### Action item
The answer must be an exact reprint of the lines from the one with "2023年4月21日,开元体" through the final line of the data, with no pictures included.

(Data shown Opens)

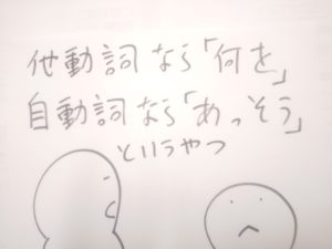たとえば、buy 「買う」って言われたら、「何を?」って聞き返せますよね。だから buy は自動詞です。write 「書く」も、「何を?」って聞けますよね。write も他動詞です。
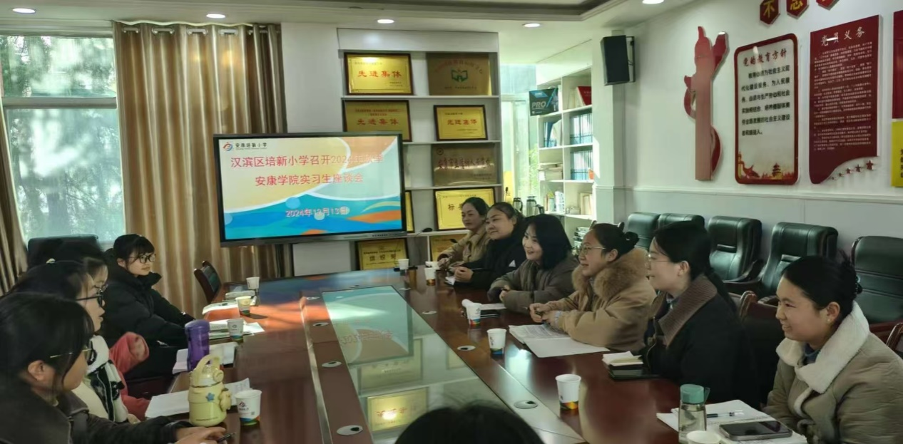 教育实习是师范生职前培养的重要环节,为进一步了解公司实习生近三个多月的实习情况,并加强与实习单位的交流合作,2024年12月13日下午,太阳成tyc122cc集团教学办公室主任李豆豆老师、小学教育系主任陈珂老师赴汉滨区培新小学看望小学教育12名实习生,并开展教育实习中期检查座谈会,会议由培新小学李静副董事长主持。
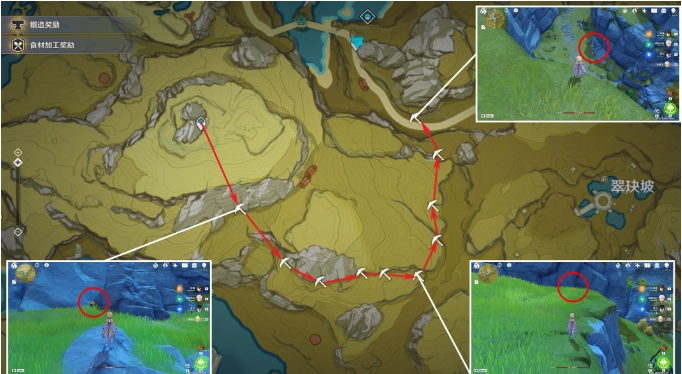 2.位于璃月,建议在队伍中加入七七/烟绯,天赋可以标记特产位置
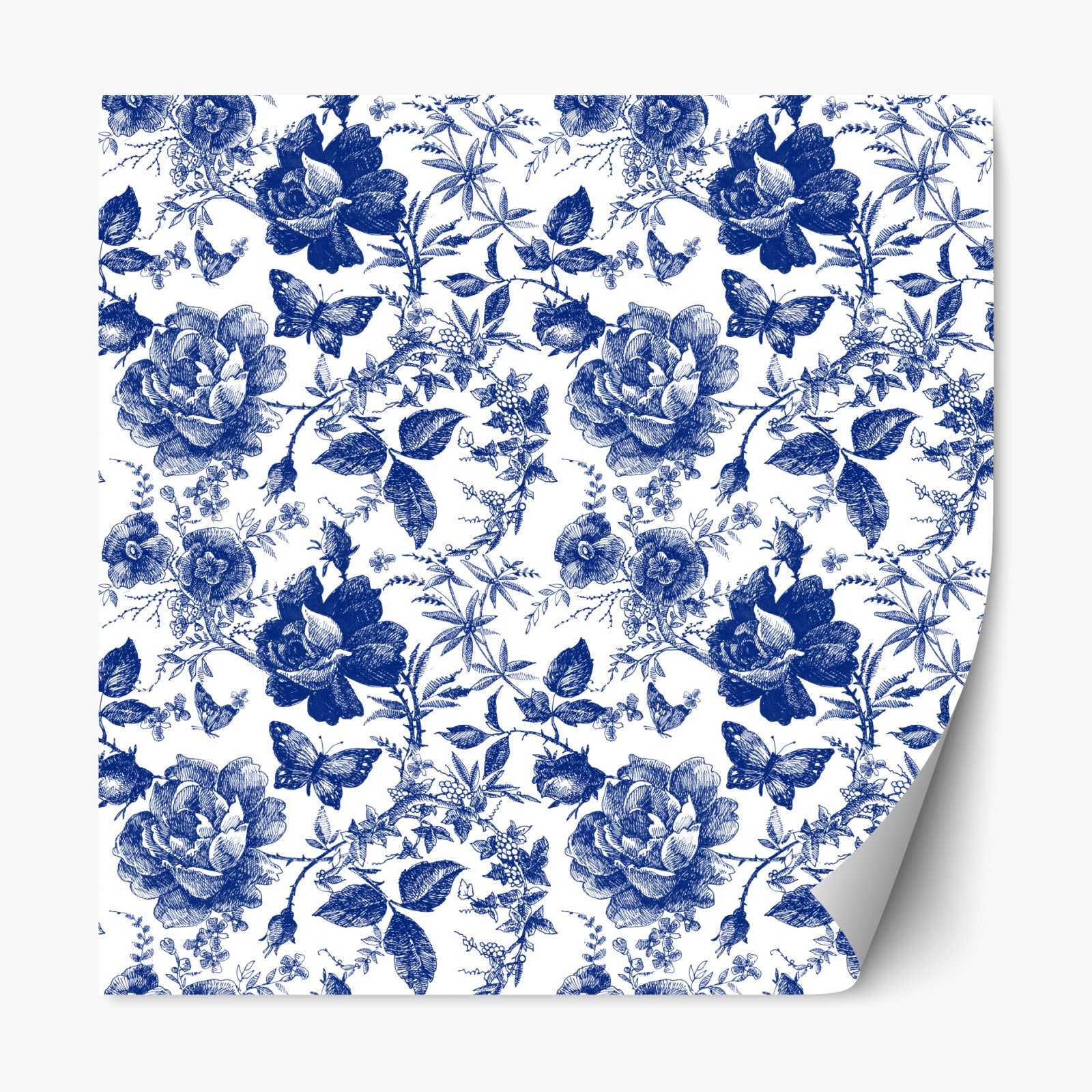 Naklejka repozycjonowalna Niebieski kwiatowy wzór toile
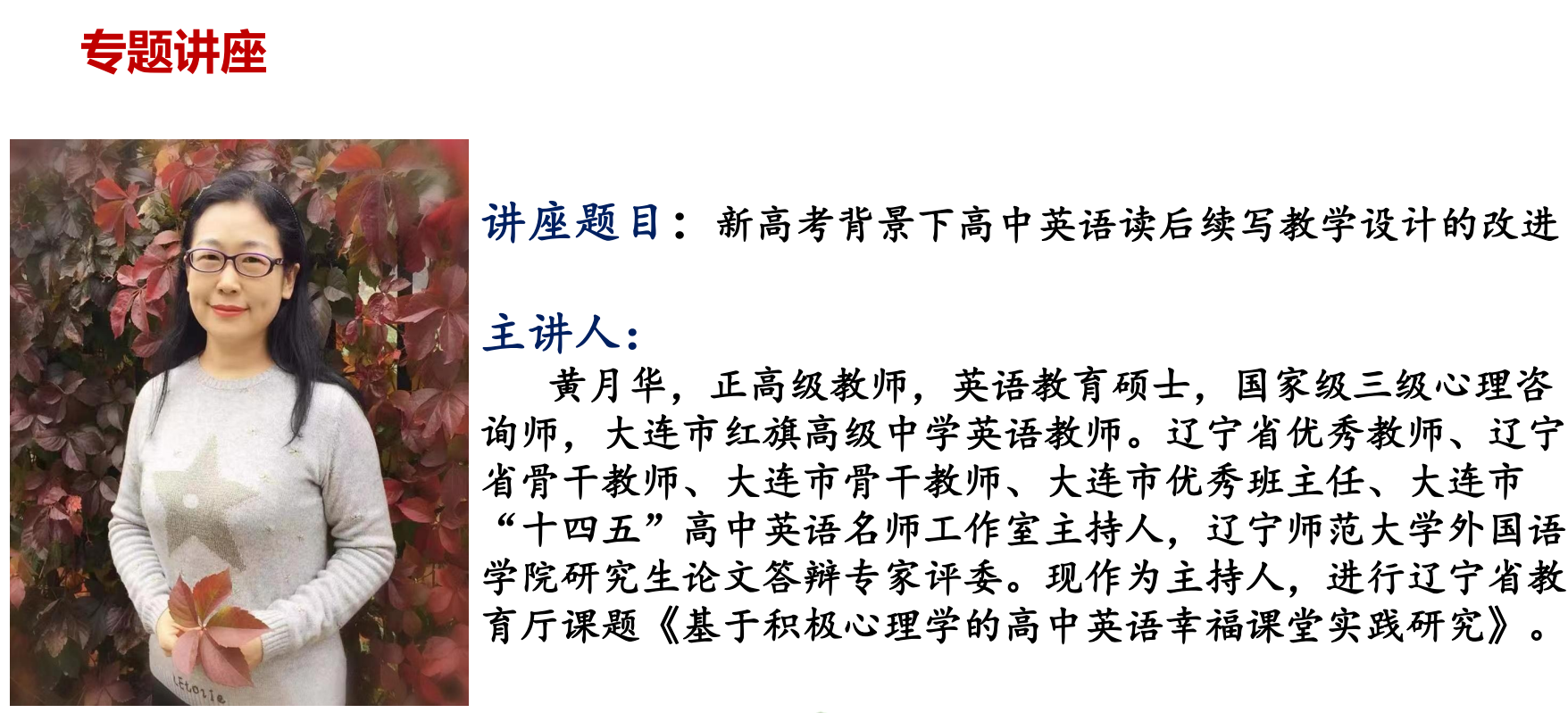 2023年4月21日,开元体育官方网站登录入口邀请来自大连市红旗高中的黄月华老师,为2021级、2022级英语(师范)专业的同学开展题为“新高考背景下高中英语读后续写教学设计的改进”专题教学培训会。开元体育官方网站登录入口主管教学工作的副院长王阿芳老师,英语系薛媛媛、梁艳、王静、王晶晶、郭奕彤老师出席本次培训会。本次培训由林周婧老师主持。
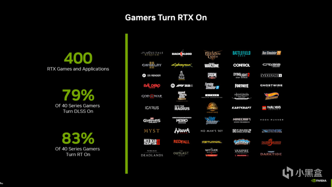 接下来开启光线追踪最高画质加DLSS 3才是重头戏,RTX生态发展的5年中,已经获得了超过400款游戏的支持,其中会有79%的RTX 40系列用户开启DLSS,83%的RTX 40系列用户开启光线追踪。
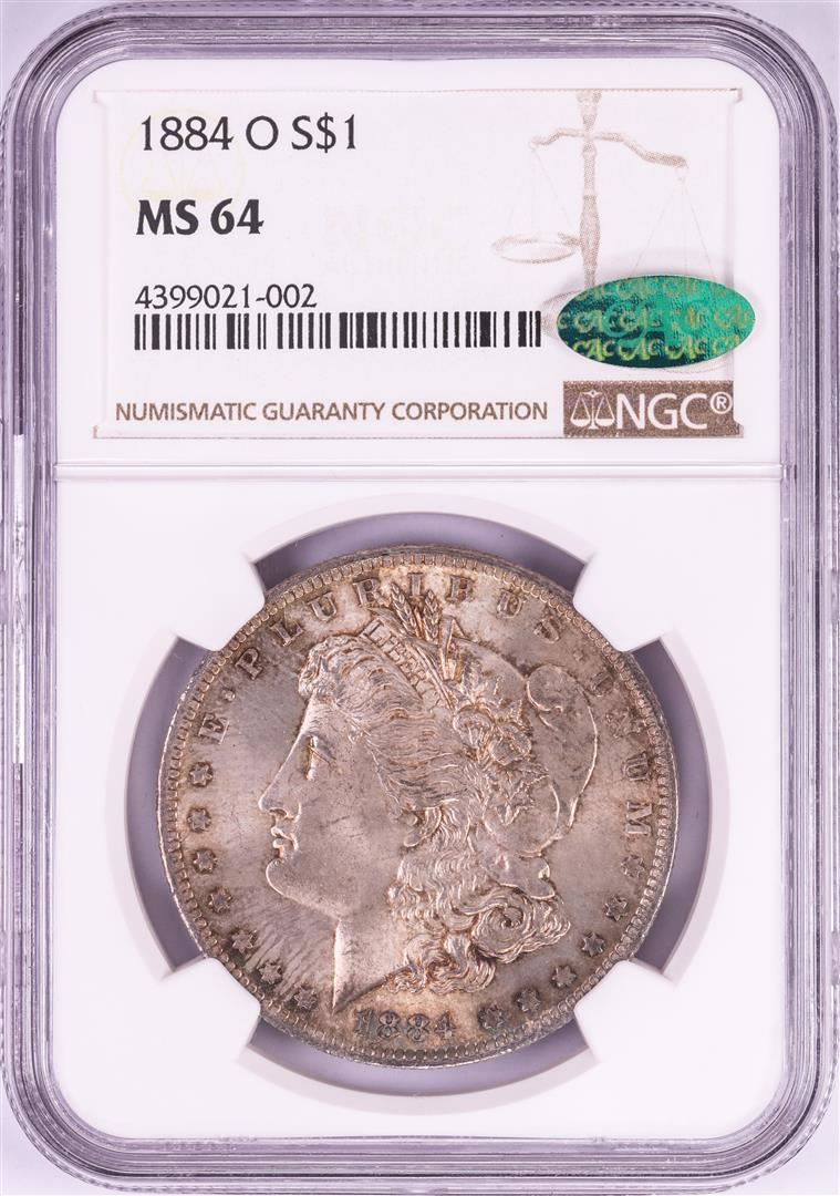 One 1884-O $1 Morgan Silver Dollar Coin NGC MS64 CAC Nice Toning. NGC Certified.

(Data shown Closes)

### Written answer
 2023年4月21日,开元体育官方网站登录入口邀请来自大连市红旗高中的黄月华老师,为2021级、2022级英语(师范)专业的同学开展题为“新高考背景下高中英语读后续写教学设计的改进”专题教学培训会。开元体育官方网站登录入口主管教学工作的副院长王阿芳老师,英语系薛媛媛、梁艳、王静、王晶晶、郭奕彤老师出席本次培训会。本次培训由林周婧老师主持。
 接下来开启光线追踪最高画质加DLSS 3才是重头戏,RTX生态发展的5年中,已经获得了超过400款游戏的支持,其中会有79%的RTX 40系列用户开启DLSS,83%的RTX 40系列用户开启光线追踪。
 One 1884-O $1 Morgan Silver Dollar Coin NGC MS64 CAC Nice Toning. NGC Certified.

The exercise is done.